Olympic
- Full name: Olympic Association Football Club
- Founded: 1870
- Dissolved: 1910?
- Ground: Hare & Billet, Blackheath, London
| Home colours |

= Olympic F.C. (London) =

Olympic F.C. was an English association football club, originally from Blackheath in London.

==History==
The club was founded in 1870 as the works side of Hitchcock, Williams & Co, textile manufacturers near St Paul's Cathedral. The earliest record of any match played by the club is in October 1873.

Although the club played a large number of matches throughout the late 1870s (for instance in 1877–78 the club had a record of 10 wins, 3 draws, and 5 defeats), the club did not enter the FA Cup until 1881–82, losing to the Old Harrovians in the first round. Despite the lack of interest in the national competition, the club was a founder member of the London Football Association in 1882.

The club's only other entry to the main rounds of the Cup was the following year, when it lost to the United Hospitals club in the first round. When qualifying rounds were introduced in 1888–89, the club did not put in an entry. It did however enter the qualifying rounds on later occasions, and in 1900–01 was knocked out by West Ham United in the third qualifying round, having had to cede home advantage as its ground was not in a fit state, but only going down 1–0.

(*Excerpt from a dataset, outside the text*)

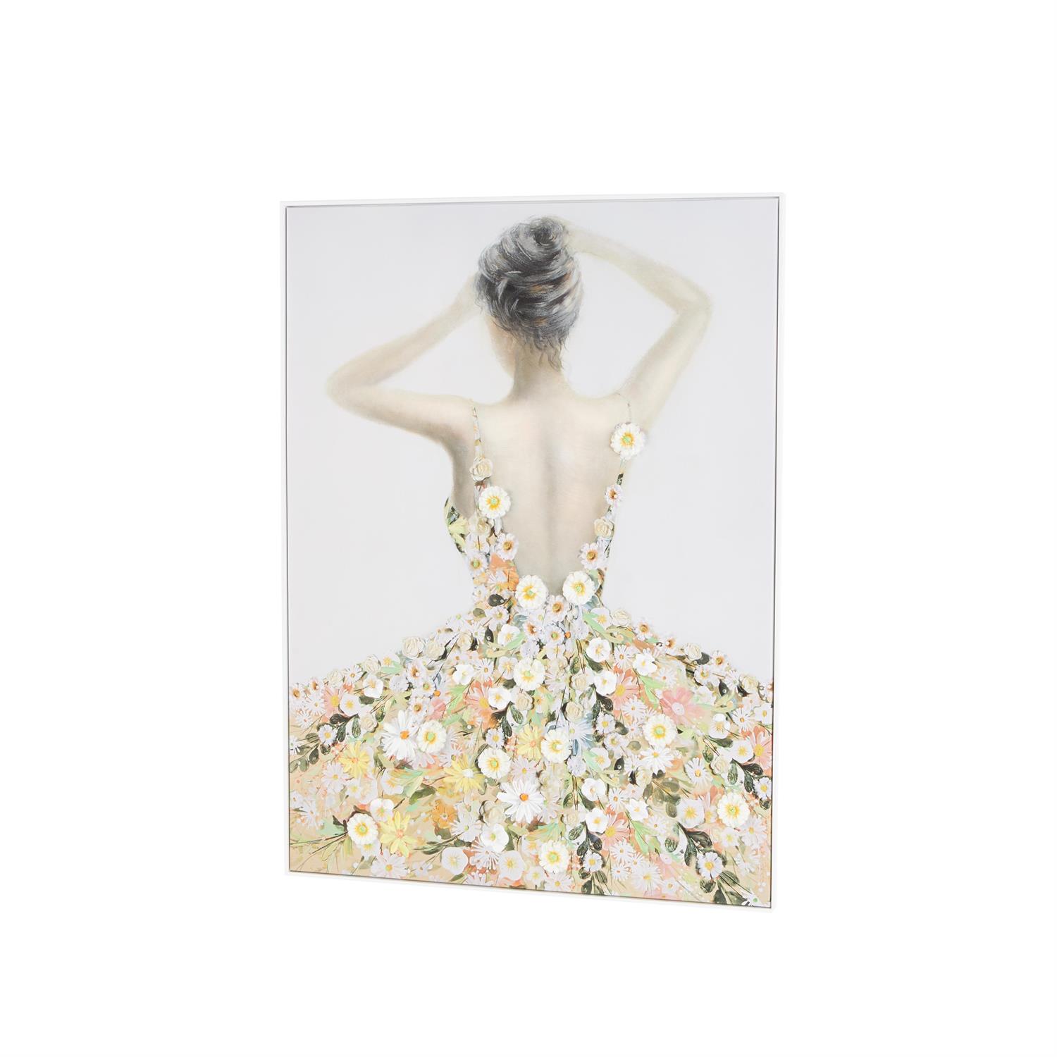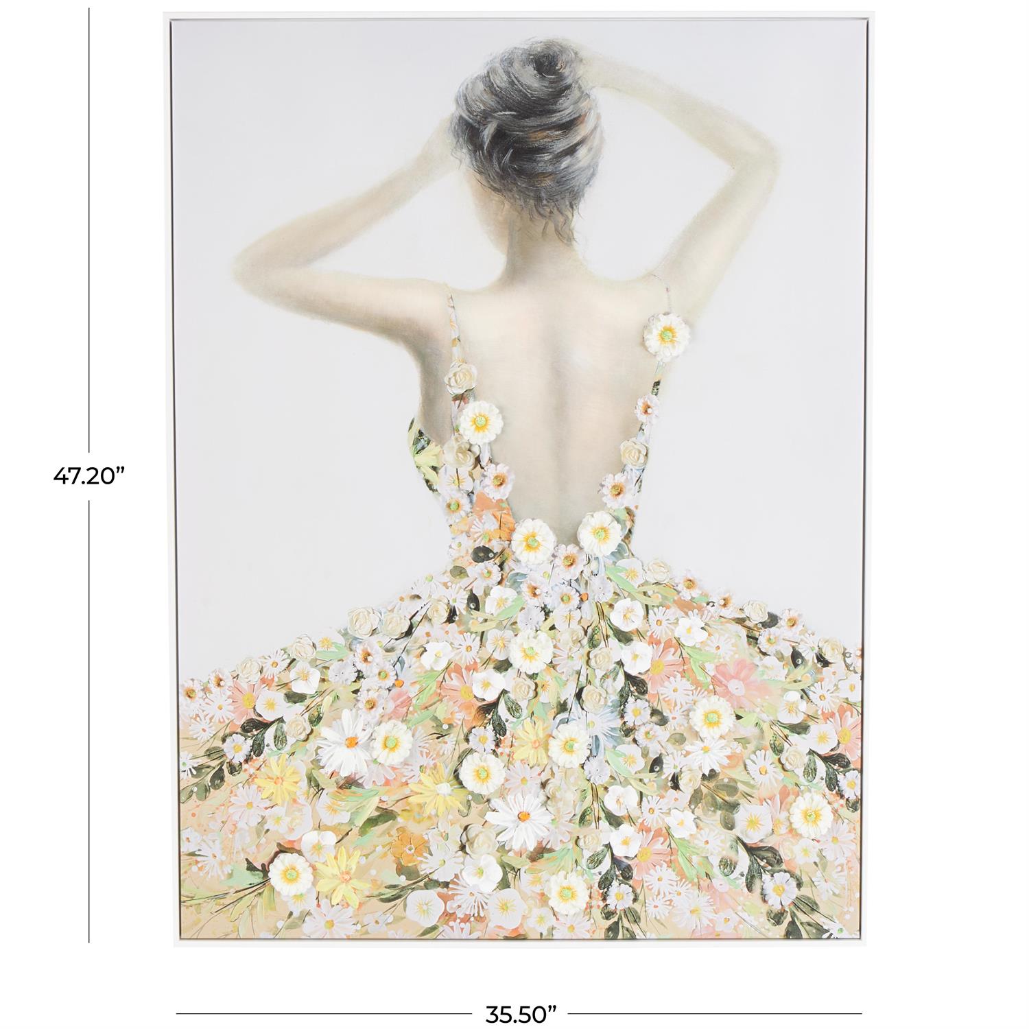 - The textured multicolored wall framed art has a rectangular canvas showcasing a woman with daisy patterns on her dress, making it suitable for various interior designs

As the Olympic remained a works side, it could not compete at the top level of the game in the professional era, and it is unclear when the club disbanded. The club is listed as a London Football Association founder member in 1892 and played in the London Senior Cup until 1905–06. The club's biggest successes came in the City of London Shield, reserved for works sides in the City of London, which the club won every season from 1897–98 to 1903–04.

==Grounds==

The club originally played in Blackheath, using the Hare & Billett for its facilities. By 1881 it had moved its facilities to the Freemasons' Tavern in Romford Road, Forest Gate, suggesting its regular pitch was in West Ham Park. Its last known ground was at Chapel Farm in Eltham.

==Colours==

From the Charles Alcock yearbooks
| Year | Colours |
|---|---|
| 1878 | Black jersey, lemon armlets, white knickers, black stockings, black and lemon cap |
| 1882 | Lemon & white |
| 1883 | Lemon & black |
| 1884 | Lemon & black |
| 1886 | Lemon & black |
| 1887 | Lemon & black |

Its final known colours were black and white stripes.